Cone knows at once that there’s no way he’s going to break into the Steiner office and waltz out with their customer list. That leaves only one alternative, and he groans aloud when he thinks of the stultifying labor that will entail.

But he won’t let go; he’s done his share of donkeywork before and lived through it. So on Thursday morning, early, he’s parked across Eleventh Avenue from Steiner Waste Control. He’s come prepared with two deli sandwiches (bologna on rye with mustard, roast beef on white with mayo) and four cans of Miller beer in a plastic bag filled with ice cubes.

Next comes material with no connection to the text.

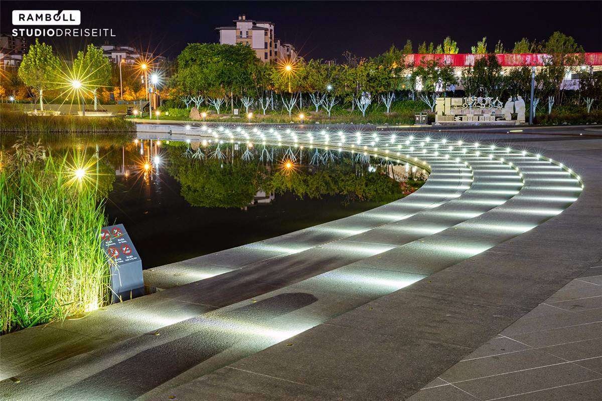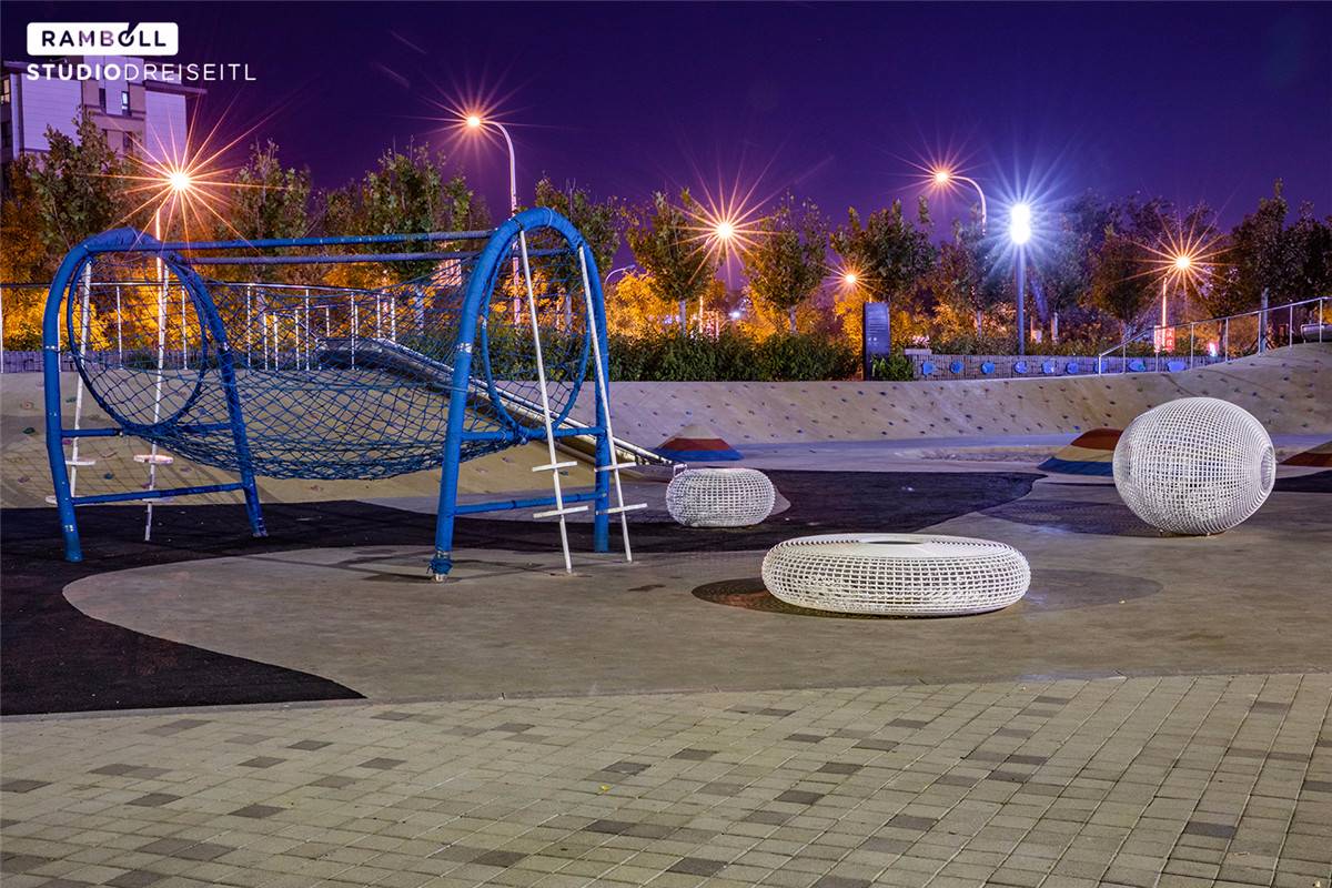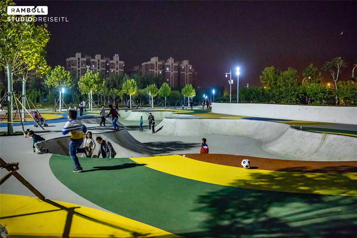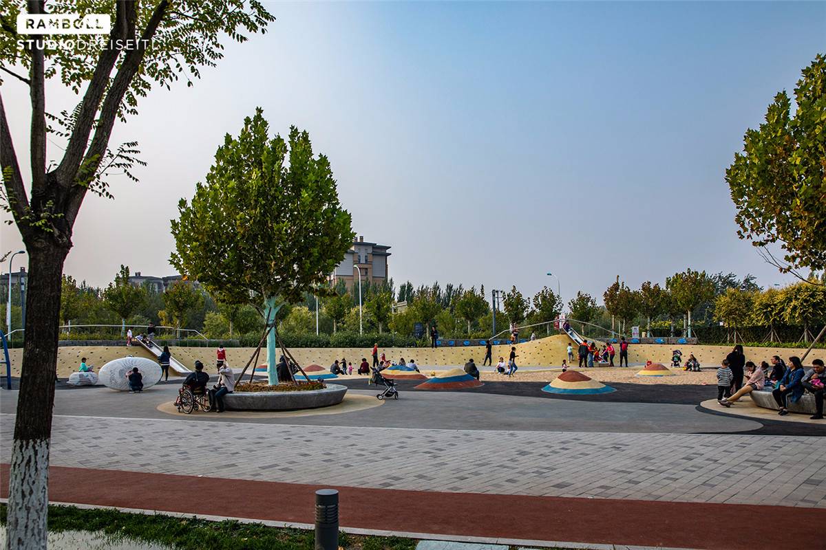 張家窩鎮(zhèn)中心公園從“生態(tài)、知識(shí)、健康”出發(fā),將綠地景觀與市民活動(dòng)相融合,打造成以全民健身活動(dòng)為主題、以海綿城市為主導(dǎo)、配套設(shè)施完善的城市公園,使今天的城市居民不必跋山涉水便可感受自然。

The garbage dump comes to life. Cone watches as the gate is unlocked and thrown open. Employees arrive, trucks are revved up, the gas pump is busy, and a short, stocky woman comes out of the office to yell something Cone can’t hear at an old guy who comes limping from one of the corrugated steel sheds.

There are six huge Loadmaster compactor trucks, all painted yellow. Timothy thanks God and his good-luck angels when he sees that not only do the garbage trucks bear the legend Steiner Waste Control, but each has a big number painted on the side, 1 to 6. At least Cone won’t be following the same truck for a week.

Because that’s his plan; he can’t think of a better way to find out who Sally Steiner is dealing with. He doesn’t think she’s got a Wall Street informant, so she must be getting her inside info from one of her customers. It’s a long shot, but the only one Cone has.

Truck No. 4 pulls out first, and Cone starts up the Dodge Shadow and goes right after it. For the next seven hours he eats the truck’s exhaust, going where it goes, stopping when it stops, returning to the dump when Truck No. 4 returns to drop a load.